Date & Time: Wednesday, August 18, 2010, 15:45-16:30

Venue: Ramanujan Hall

Title: How linear algebra can reveal the secrets in your face … no more lying about your age!

Speaker:Kate Smith-Miles

Biography: Kate Smith-Miles is a Professor and Head of the School of Mathematical Sciences at Monash University, Australia. She has held Chairs in three disciplines - Mathematical Sciences, Information Technology, and Engineering – and is involved in many cross-disciplinary research projects. Kate obtained a B.Sc.(Hons) in Mathematics and a Ph.D. in Electrical Engineering, both from the University of Melbourne, Australia. She has published 2 books on neural networks and data mining applications, and over 200 refereed journal and international conference papers in the areas of neural networks, combinatorial optimization, intelligent systems and data mining. She is on the editorial board of several international journals including the prestigious IEEE Transactions on Neural Networks, and has been involved in organizing numerous international conferences in the areas of data mining, neural networks, and optimization. She is a frequent reviewer of international research activities including grant applications in Canada, U.K., Finland, Hong Kong, Singapore and Australia, refereeing for international research journals, and PhD examinations. From 2007-2008 she was Chair of the IEEE Technical Committee on Data Mining (IEEE Computational Intelligence Society). In addition to her academic activities, she also regularly acts as a consultant to industry in the areas of optimisation, data mining, and intelligent systems.
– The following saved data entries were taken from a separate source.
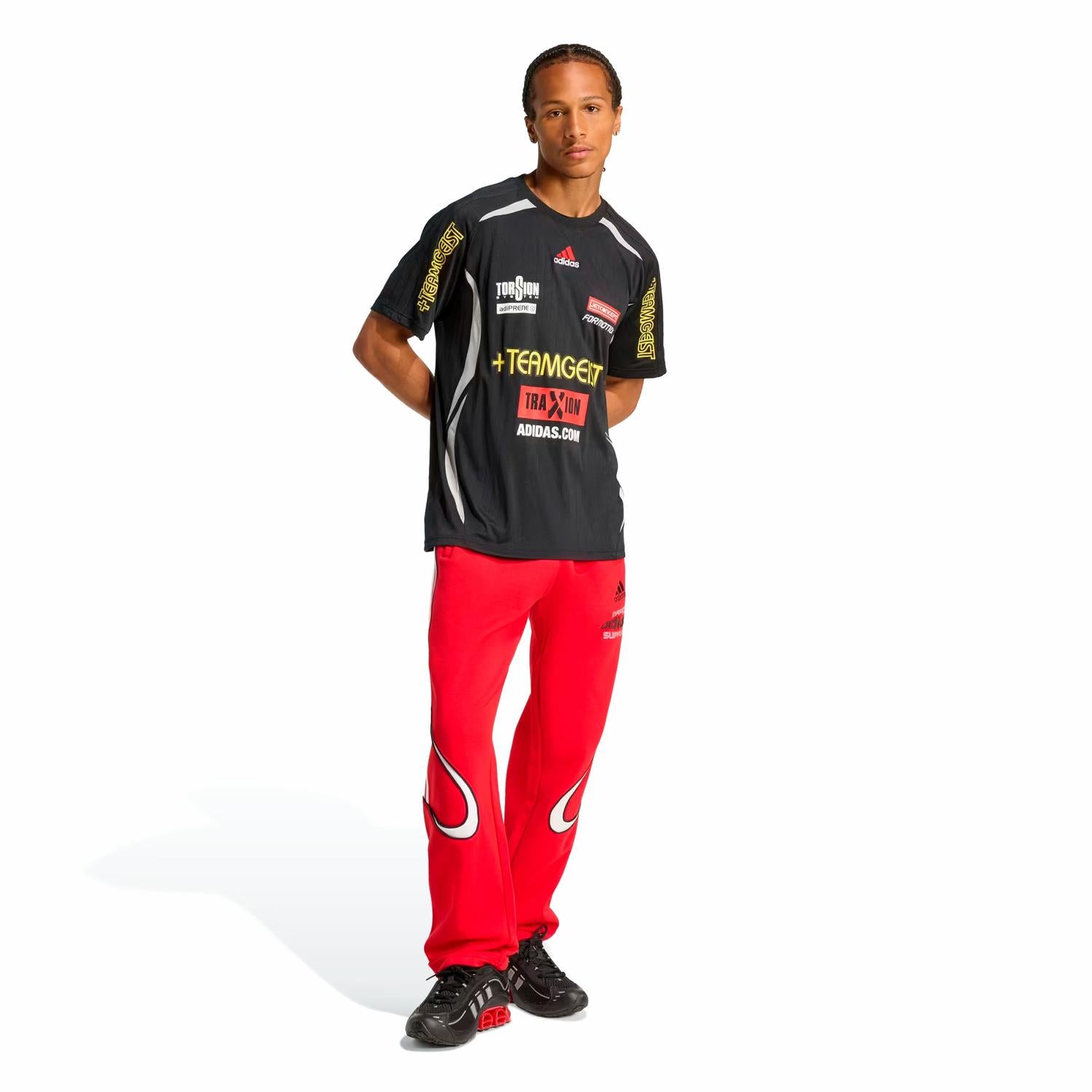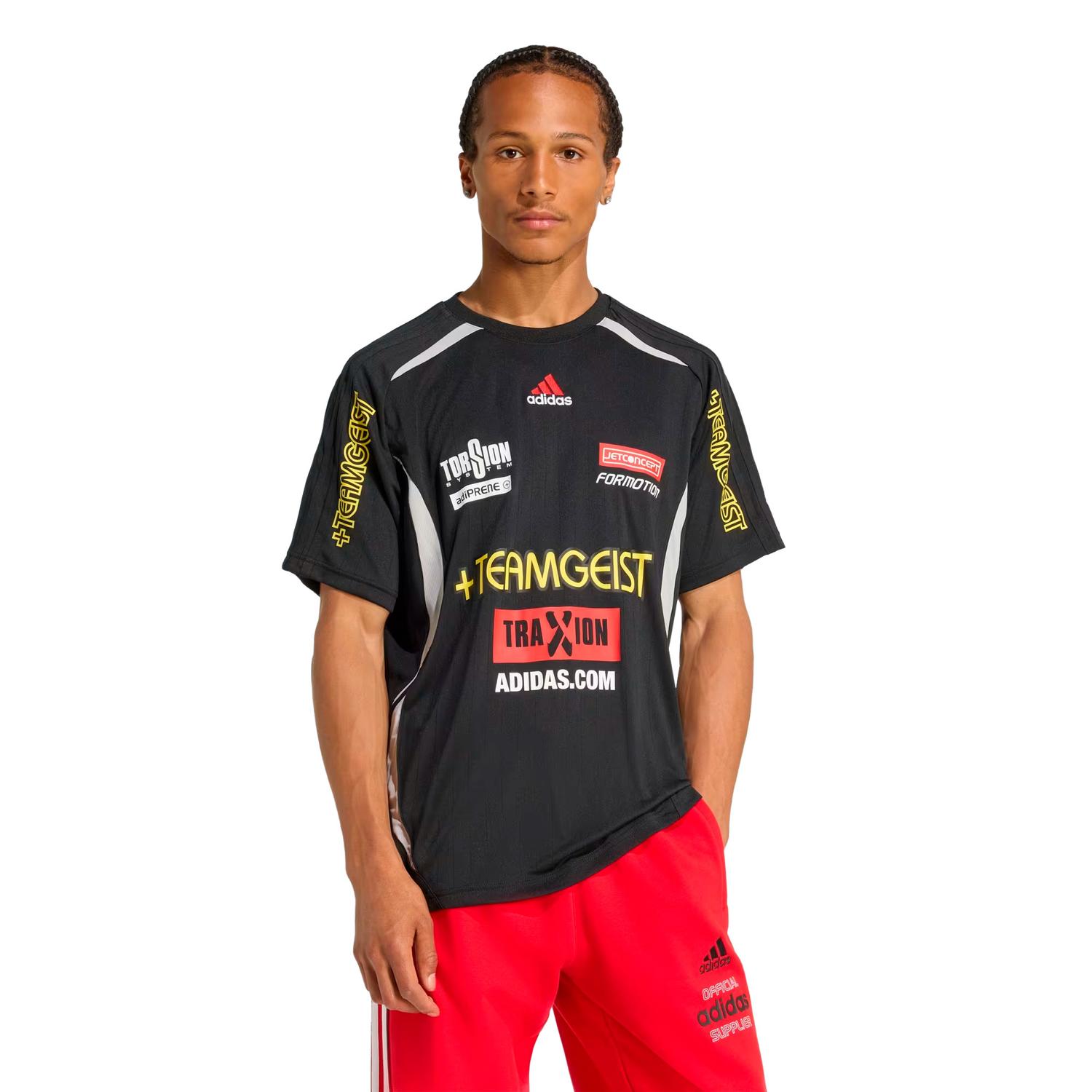 La Playera adidas Teamgeist Moto Graphic te dará un gran estilo en la ciudad, esta prenda de la marca alemana encajará con todo lo que ya tienes en tu armario. Presenta un corte ligeramente holgado con mangas cortas y cuello redondo, se ajustará de manera perfecta a tu cuerpo y te podrás mover con una total libertad. El tejido es transpirable y amigable con tu piel. Su diseño moderno y deportivo destaca por los gráficos llamativos, ideales para cualquier ocasión casual.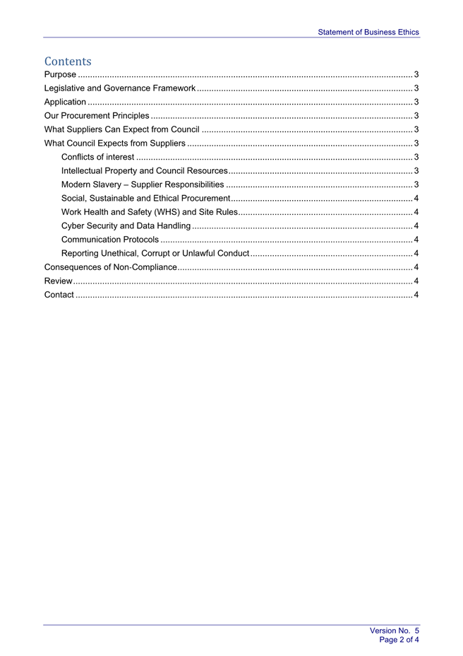 It is proposed that Council adopts an updated Statement of Business Ethics to guide suppliers on the standards and expectations of suppliers when conducting business with Council.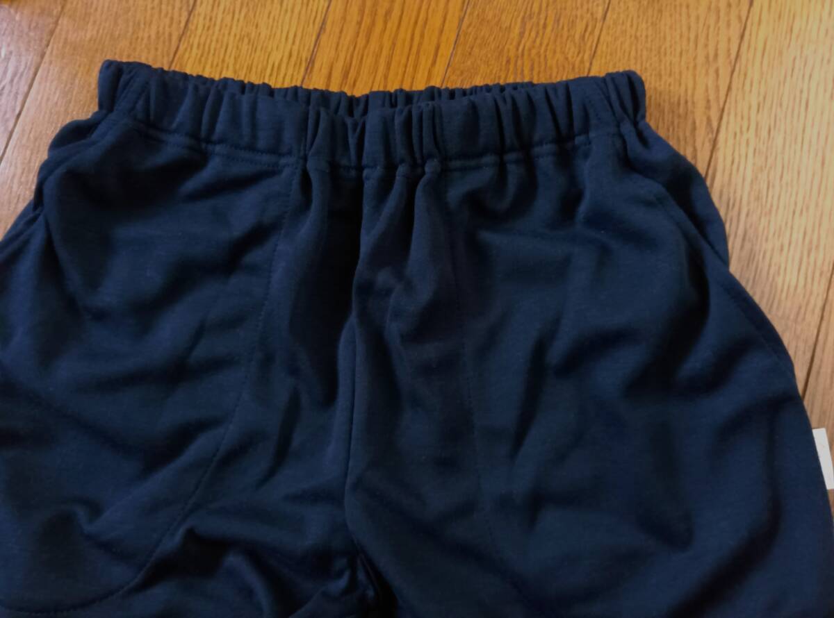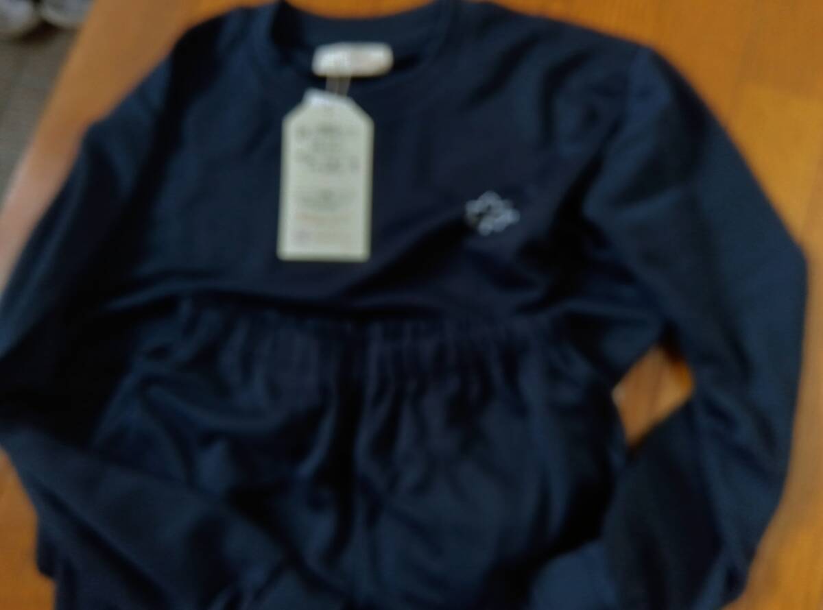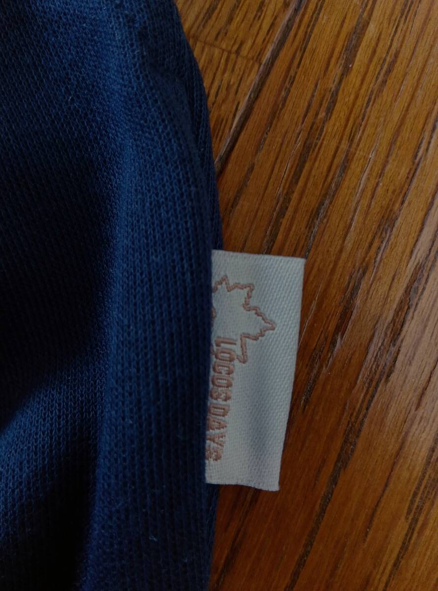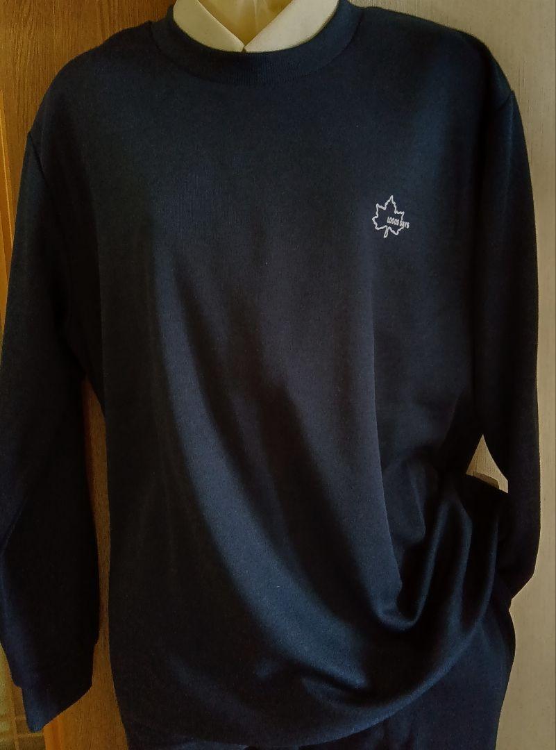 LOGOSのMサイズネイビー上下セット、ロゴ刺繍付き。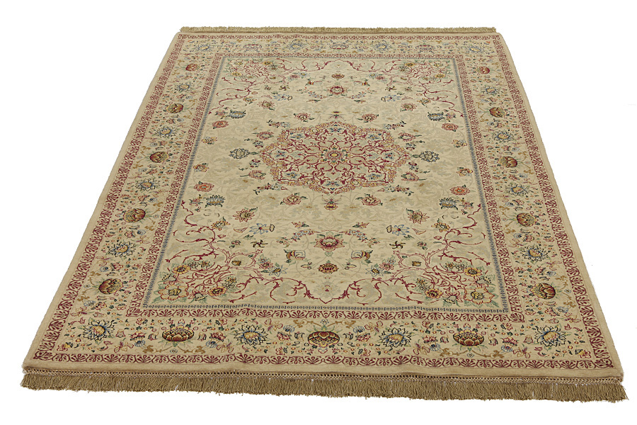 Dywany Isfahan: W centrum Iranu, pomiędzy górami Zagros a pustynią, leży miasto Isfahan. Obecnie jest ono ważnym miastem przemysłowym o populacji 1,2 miliona mieszkańców. Pod względem architektonicznym miasto jest prawdziwym arcydziełem. Duży plac Imama Homeiniego z dwoma meczetami (Lutf Allah i Ali Kapu), z pałacami, parkami i starymi mostami, otoczone są sklepami sprzedającymi figurki, dywany, biżuterię, a także domami herbaty (tea hane). Wszystko to razem wzięte tworzy niesamowitą atmosferę, prawdziwie orientalną. Wielki Bazar biegnie od północnej części placu aż do meczetu Piątkowego, osiągając długość 5 km. Jedno stare perskie powiedzenie z XIV wieku mówi, że Isfahan jest połową świata. Miasto to, podczas panowania dynastii Safawidów (1502 – 1629), było stolicą Iranu, gdzie szach Abbas zgromadził najlepszych rzemieślników wykonujących dywany. W okresie tym zostały utkane najbardziej luksusowe dywany, które w czasach obecnych można oglądać w niektórych pałacach, muzeach, czy w prywatnych zbiorach znanych kolekcjonerów sztuki. Starsze dywany Isfahan, w przeciwieństwie do późniejszych, nie posiadały centralnego medalionu. Cała powierzchnia dywanu była pokryta spiralnymi, ozdobnymi kwiatami oraz palmetami kwiatowymi. Nowoczesne dywany Isfahan nie mogą się do nich porównywać, gdyż niegdyś powstawały one wyłącznie dla wyższej klasy. Kontynuując jednak tradycję, nawet nowoczesne dywany Isfahan są drobno utkane, natomiast włosie jest przycinane bardzo krótko, w celu podkreślenia ich wzorów. Do ich wyrobu używa się również jedwabiu, aby podkreślić niektóre części wzoru, szczególnie przy wykonywaniu kwiatów. Osnowę wykonuje się z jedwabiu lub z bawełny.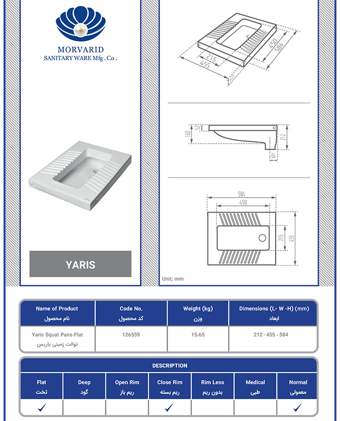 توالت زمینی مروارید مدل یاریس با ابعاد 21.2*45.5*58.4 سانتیمتر با وزن 15.4 کیلوگرم از نوع توالت زمینی تخت می باشد. این مدل توالت ایرانی در رده توالت های ریم بسته قرار می گیرد و همچنین سطحی صاف و براق دارد.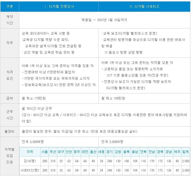 국가(한국정보화진흥원)에서 진행하는 디지털강사는 월70시간 이상 근무에 175만원의 급여가 지급될 예정이라고 합니다. 서포터즈는 100만원정도의 급여이고요.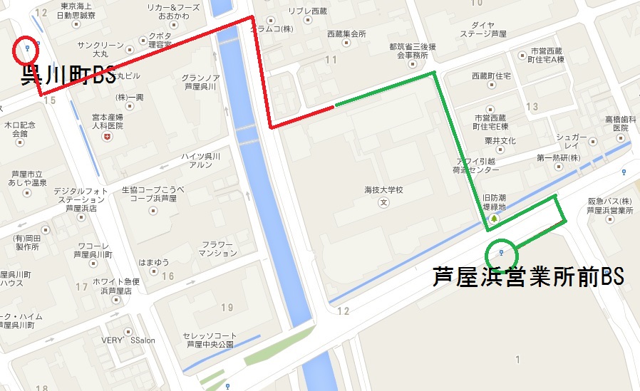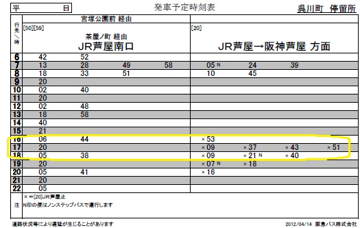 大阪に行ってもよし、六甲山に上がって夜景を見てもよし。 一番近い盛り場は、三ノ宮でしょうやっぱり~。 まずは、電車に乗るために海大のあるベイエリアから脱出します。 阪急・阪神・JR、何電車に乗るかは、個人の好みもあると思いますが、バスの対応可否がありますので、最寄のバス停の時刻優先で見てみましょう。 まず、海大近くの最寄のバス停が、芦屋浜営業所前と呉川町の二つ。 線は、歩きルートです。 バス停時刻表です。(H26.4月現在) 課業が終わった後、遊びに出るような時間を色で囲んでみました。 芦屋浜営業所前発 呉川町バス停発です。 芦屋浜営業所の次が、呉川町です。(なんだか本数が合わない?) 私は、寮を右に出て、芦屋浜営業所前から利用しました。 運賃は均一料金。 バスで最寄の鉄道駅に着いたら、関東とはまた一味も、ふた味も違う個性的な私鉄で盛り場に向かいましょう。 阪急、阪神、JRとカラーも車両の造りも違います。うまく言えないけど・・ 路線によって、なんだか客層も違う様な・・・ 正直、どれがベストか分かりにくいと思います。 乗ってみて、違いを肌で感じて見ると面白いですよ。 |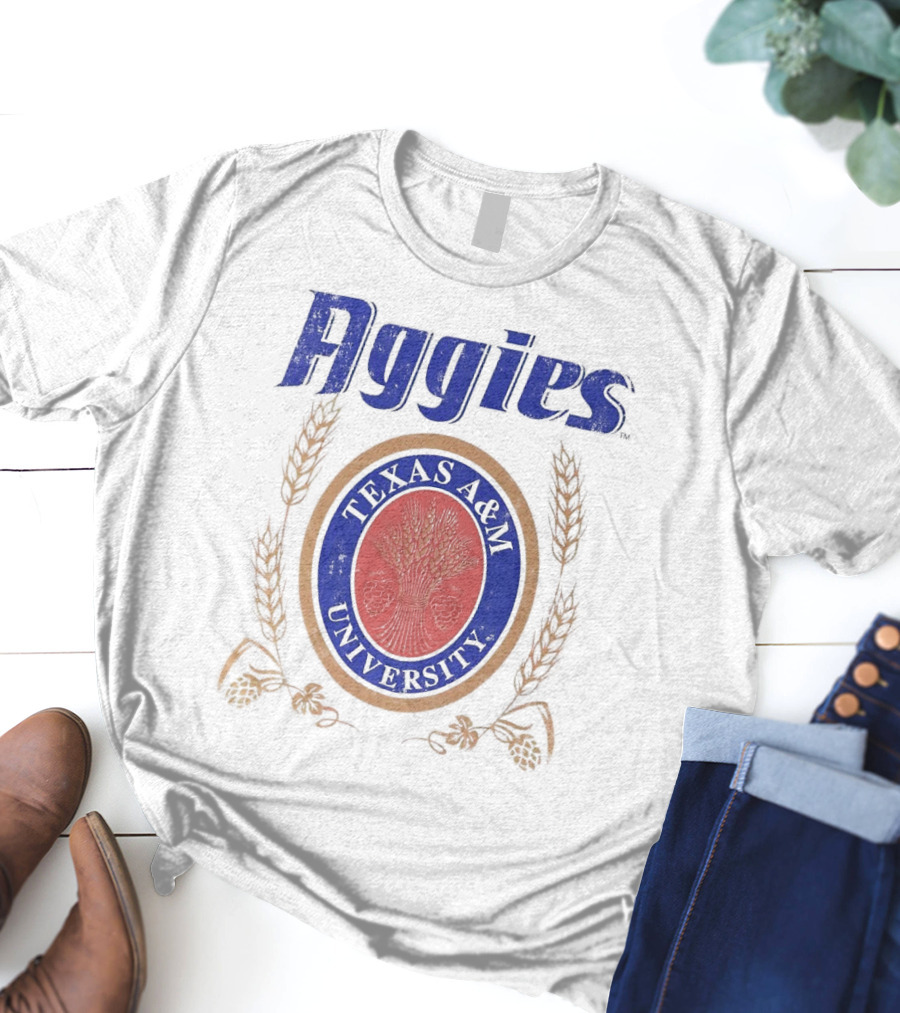 Texas A&M Aggies University Shirt made from 100% pre-shrunk ring-spun cotton, unisex regular fit based on U.S. standard sizing. The shirt is designed, cut, sewn, and printed in the United States. Available in sizes S-5XL.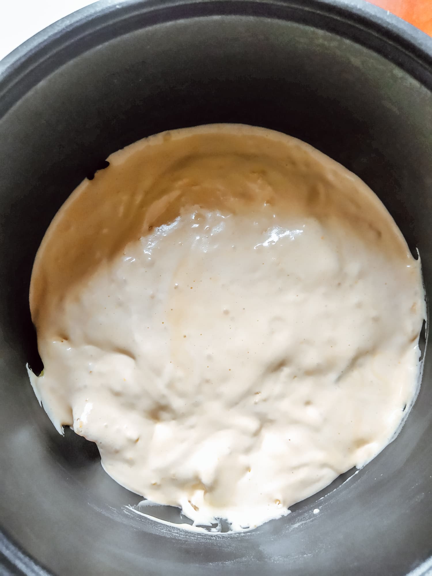 Следом отправилось тесто. Включили мультиварку на 40 минут в режиме «Выпечка».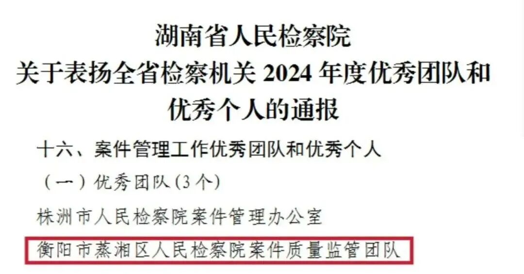 2月17日,蒸湘区检察院案件质量监管团队荣获全省案件管理工作优秀团队!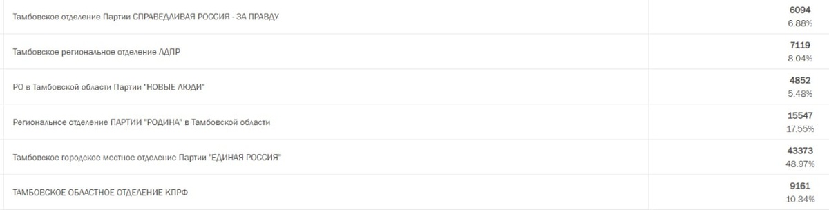 Данные о предварительных итогах голосования по единому избирательному округу на выборах депутатов Тамбовской городской Думы Тамбовской области восьмого созыва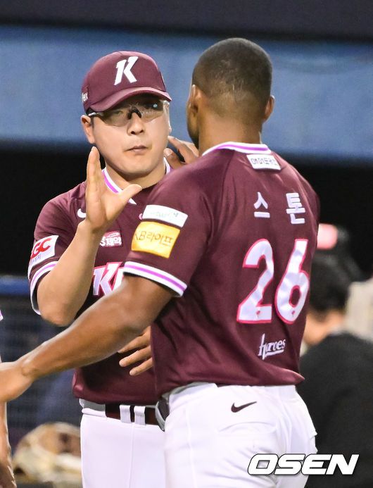 [OSEN=잠실, 박준형 기자] 프로야구 키움 히어로즈가 LG 트윈스를 꺾고 7연패에서 탈출했다. 키움은 10일 서울 잠실구장에서 열린 2025 KBO리그 LG와 경기에서 4-3으로 승리했다. 9회 2아웃에서 스톤이 결승타를 때렸다. 경기종료 후 키움 홍원기 감독이 스톤이 하이파이브를 하고 있다. 2025.07.10 / soul1014@osen.co.kr

Abstract:The mathematical modelling of the human face enables automated (machine) understanding of a person’s identity, mood, gender, and more recently, age. The applications of such an age estimation model include age specific human-computer interaction, as well as security applications such as passport control. In this seminar we use subspace projection methods to build representative subspaces of the aging process, with the minimum reconstruction error used to estimate the age of a previously unseen face. Experimental results show that the performance of our linear algebra method is more accurate compared to the previous data mining approaches, and provides age estimates that are even more accurate that human observes have achieved on this challenging task.